| Action item |
Your answer must be an exact copy of the records below, minus any images.

| Extracted entries |
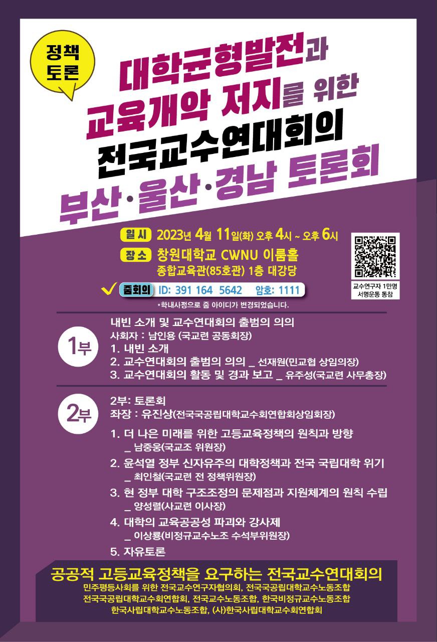 | 부산,울산,경남 토론회-창원대 2023. 4. 11. | |
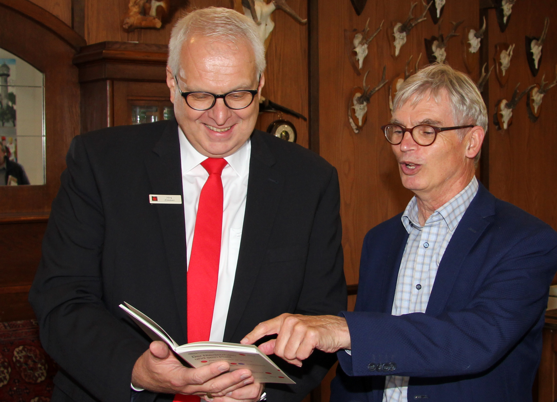 Der Sprachforscher Dr. Georg Cornelissen (rechts), hier mit Sparkassen-Pressesprecher Jörg Zimmer, stellte jetzt sein neues, sehr humorvolles und kurzweiliges Buch ‚Der Niederrhein und sein Platt‘ vor.
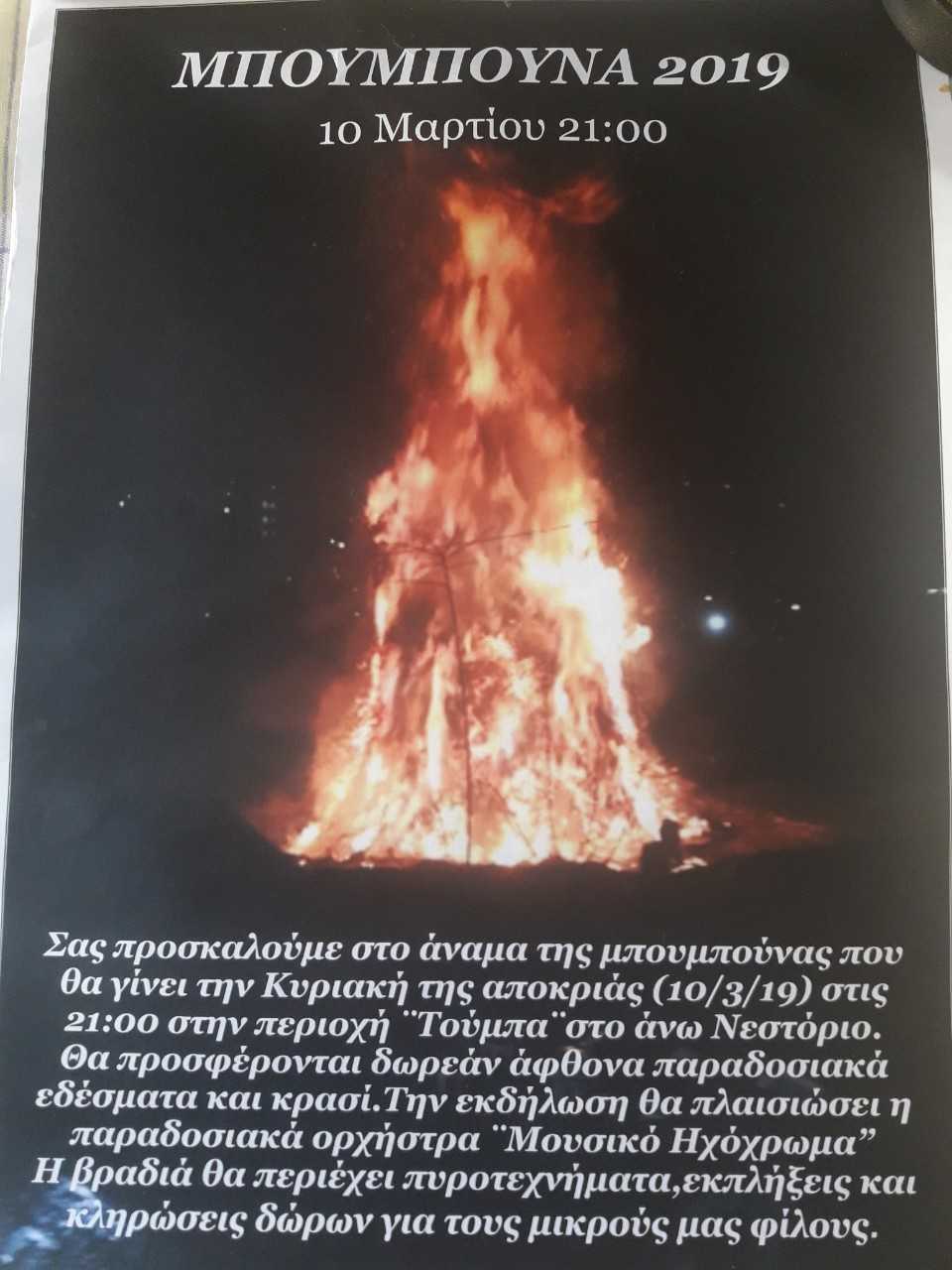 Σας προσκαλούμε στο άναμμα της “Μπουμπούνας” την Κυριακή της Αποκριάς (10/03/2019) και ώρα 21:00 στην περιοχή Τούμπα του Άνω Νεστορίου.
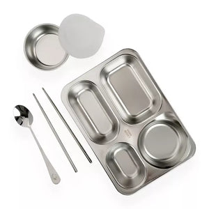 4. Dip Container, stainless steel Spoon and stainless steel Chopsticks : This comes along with a dip container and a pair of stainless steel chopsticks and a spoon which easily fits in the tray of the tiffin.
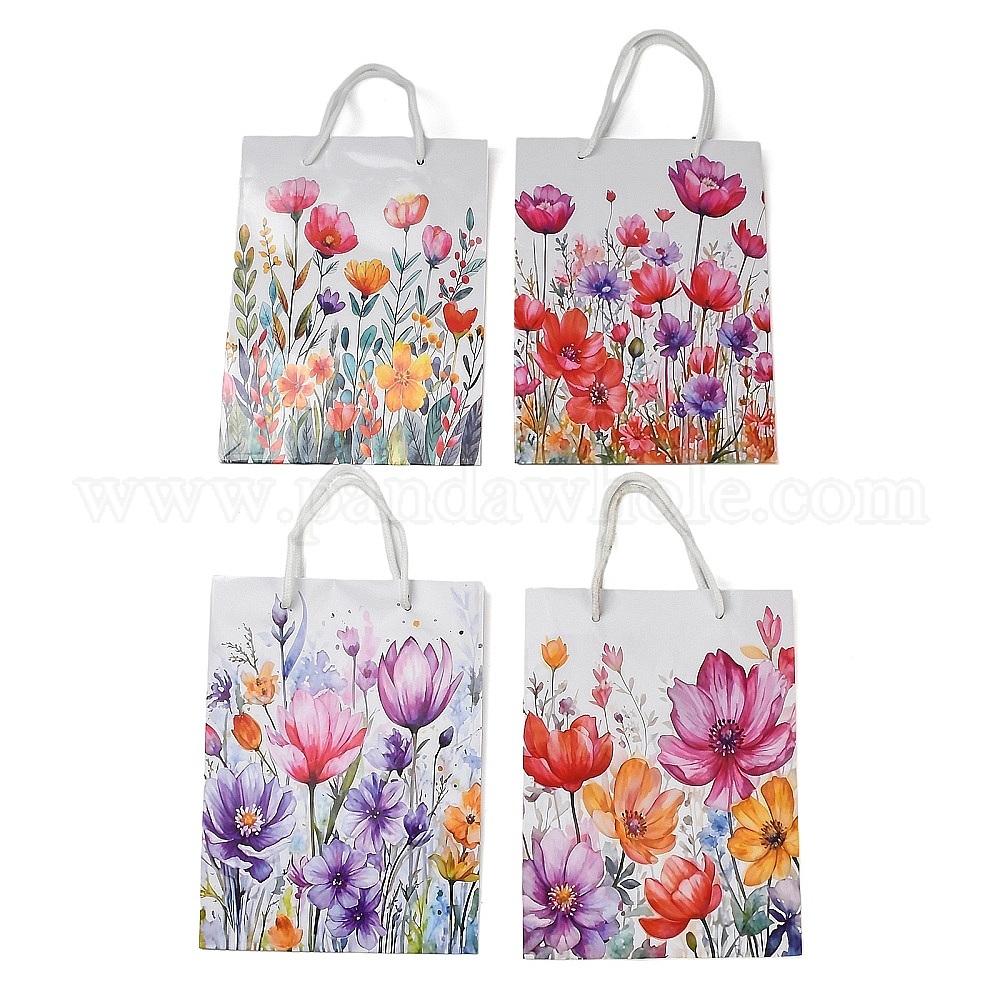 Бумажные подарочные пакеты с цветочным принтом и ручками., сумки для покупок, прямоугольные (03BGSQ)

| Task answer |
 | 부산,울산,경남 토론회-창원대 2023. 4. 11. | |
 Der Sprachforscher Dr. Georg Cornelissen (rechts), hier mit Sparkassen-Pressesprecher Jörg Zimmer, stellte jetzt sein neues, sehr humorvolles und kurzweiliges Buch ‚Der Niederrhein und sein Platt‘ vor.
 Σας προσκαλούμε στο άναμμα της “Μπουμπούνας” την Κυριακή της Αποκριάς (10/03/2019) και ώρα 21:00 στην περιοχή Τούμπα του Άνω Νεστορίου.
 4. Dip Container, stainless steel Spoon and stainless steel Chopsticks : This comes along with a dip container and a pair of stainless steel chopsticks and a spoon which easily fits in the tray of the tiffin.
 Бумажные подарочные пакеты с цветочным принтом и ручками., сумки для покупок, прямоугольные (03BGSQ)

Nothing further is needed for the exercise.